Size and Weight: The size and weight of the projector is also something that you might want to take under consideration, but not that important to some, it will all depend on where you intend on putting the projector. Most projectors can be mounted from the ceiling, or they can just rest on a table if need be. If you plan on mounting it from the ceiling you'll need to take that into consideration as you'll most likely need to buy mounting hardware for it and have a ceiling that can support the weight. If you're not ceiling mounting the projector you'll need to have ample space around it for good airflow as they tend to get very warm when running.

Lamp Life and Replacement Cost: One of the biggest things that people overlook and gripe about before and after buying a projector is the Lamp cost and life. A replacement lamp for a projector can cost anywhere from a couple hundreds dollars to thousands of dollars, it's certainly not something that I would want to be changing frequently at that cost. The average Lamp life is anywhere between 1,000 and 2,000 hours with of course times where it may be higher or lower than that so you can do yourself a big favor and do a bit of research into the average lamp life of the projector you intend on buying. Of course you might want to look at the cost of replacing said bulb as well as that can be a very costly expense depending on the lamp being used by the projector.

--There are newer projectors on the market today that use LEDs instead of the traditional lamps, with these types you'll never need to replace the bulb essentially, most have a rating of 10,000+ hours on them but they're not really made for large screens but can do about 60 inches diagonally very well.

Features of the Projector: What features do you want or need in a projector? And I don't just mean options to change the settings, I mean like wireless capabilities, networking, security controls or even changeable lenses.

The Remote: This is probably the most overlooked thing when considering purchasing a projector, and probably the most minor feature as well, but a remote with back lighting can be a great thing if you are watching you're movies in the dark. You don't want to be fumbling around with a remote in the dark or have to turn the lights on to access the buttons do you?
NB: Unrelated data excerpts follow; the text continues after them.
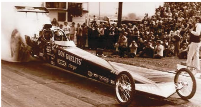
"Big Daddy" Don Garlits

Wednesday, March 3, 2010, beginning at 7:00pm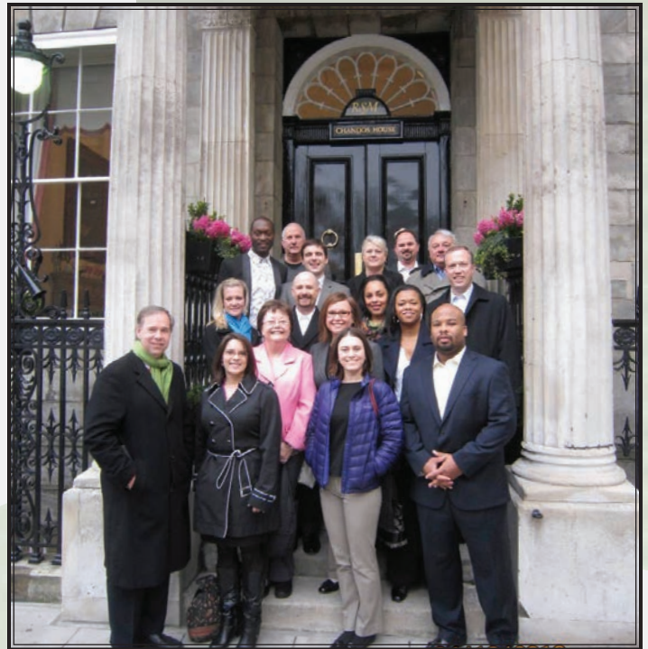
Members of Class E47 and faculty pose for a group photo in front of the Chandos House, where the students stayed during the visit to London. The Chandos House, a Georgian Townhouse built in 1771, is owned by the Royal Society of Medicine.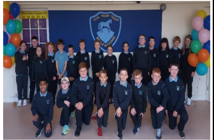
3 rd & 4 th Class 2023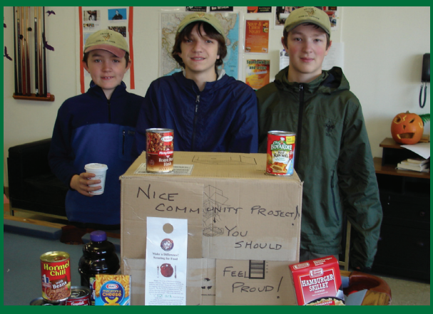
Scouting for Food in Amesbury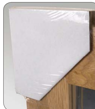
Each mirror is first individually packed with heavy duty corner protection and shrinkwrapped, then further packed into individual cartons.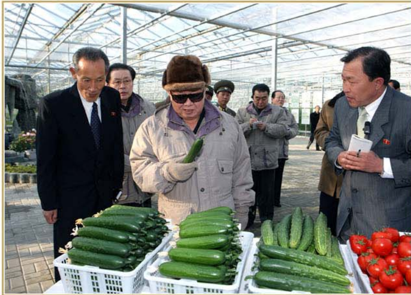
Kim Jong Il provides field guidance to the Pyongyang Vegetable Research Institute (March 2011)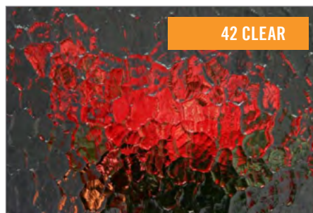
Sheet Size: 59" x 79" | Thickness: 3.9mm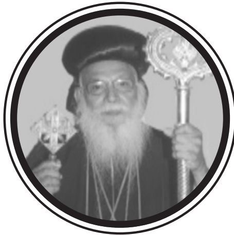
H.H. Moran Mar Baselios Marthoma Didymus I (ValiyaBava)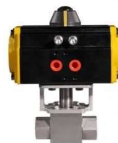
Pneumatic Actuator High Pressure Ball Valve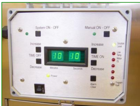
Easy To Use Digital Control Panel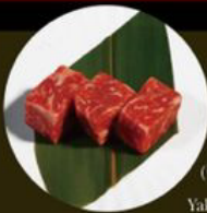
B2. 澳洲和牛西冷粒 AUS Wagyu Chuck Short Rib Level 1: 2片 pcs Level 2: 2片 pcs Level 3: 3片 pcs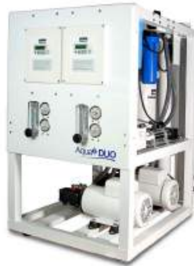
Aqua 2 Duo Mega Yacht Series

Designed for higher capacity, more efficiency, and quieter operation. This system includes state-of-the-art features that are ideal for mega-yachts, commercial fishing vessels, work boats, charter boats, and private residences.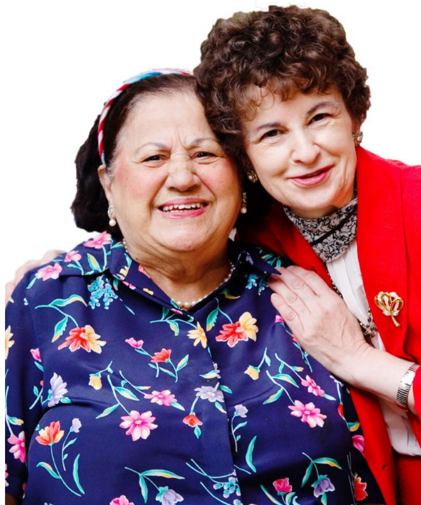
St. Mary's Court, Washington, DC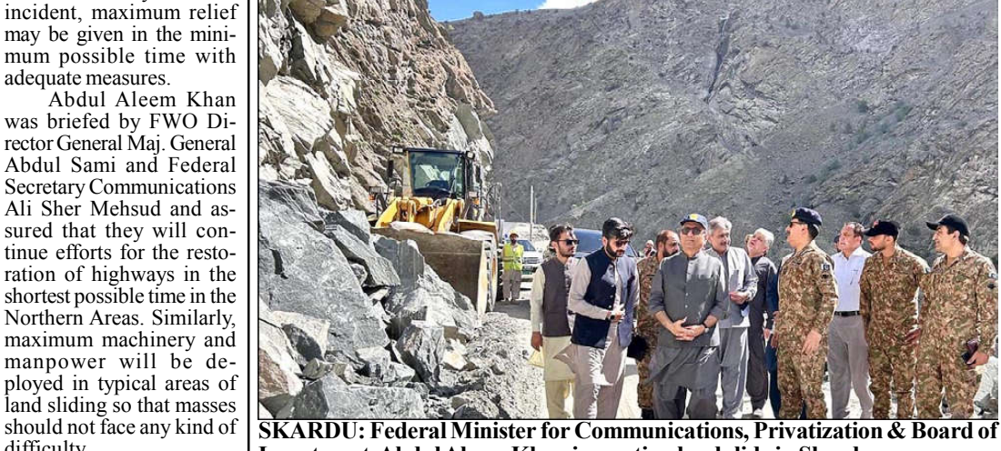
Investment, Abdul Aleem Khan inspecting land slide in Skardu.

self-determination in actional community to take cordance with the relevant cognizance of the Indian UN Security Council resoleaders' provocative statelutions. Deputy Prime ments and unwarranted Minister and Foreign Minclaims about Azad Jammu ister, Mohammad Ishaq and Kashmir, which con-Dar, who led the Pakistan stitute a serious threat to delegation briefed the Conregional peace.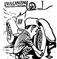
GEM STATE VULC. CO. 128 Second Ave. W.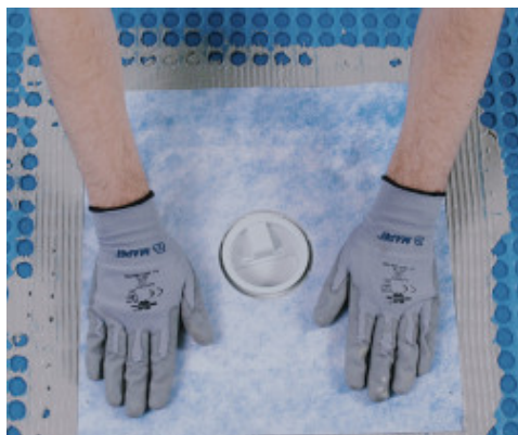
Waterproof drains with Drain Vertical/Drain Lateral

Make sure the projector you are interested in comes with a fully featured remote that includes back lighting to make accessing the remote functions much easier in the dark.

Of course the best advice I can give is to do some research into the Projector that you wish to buy, with the popularity of projectors on the rise many sites have sprung up online that specialize in projectors and there you can learn the pros and cons about them.

One of the best things you can do when purchasing a projector is to see it in action, if you can go to a store where they sell the projectors you are interested in, ask them to demo them for you so you can truly see how well they work under various lighting conditions.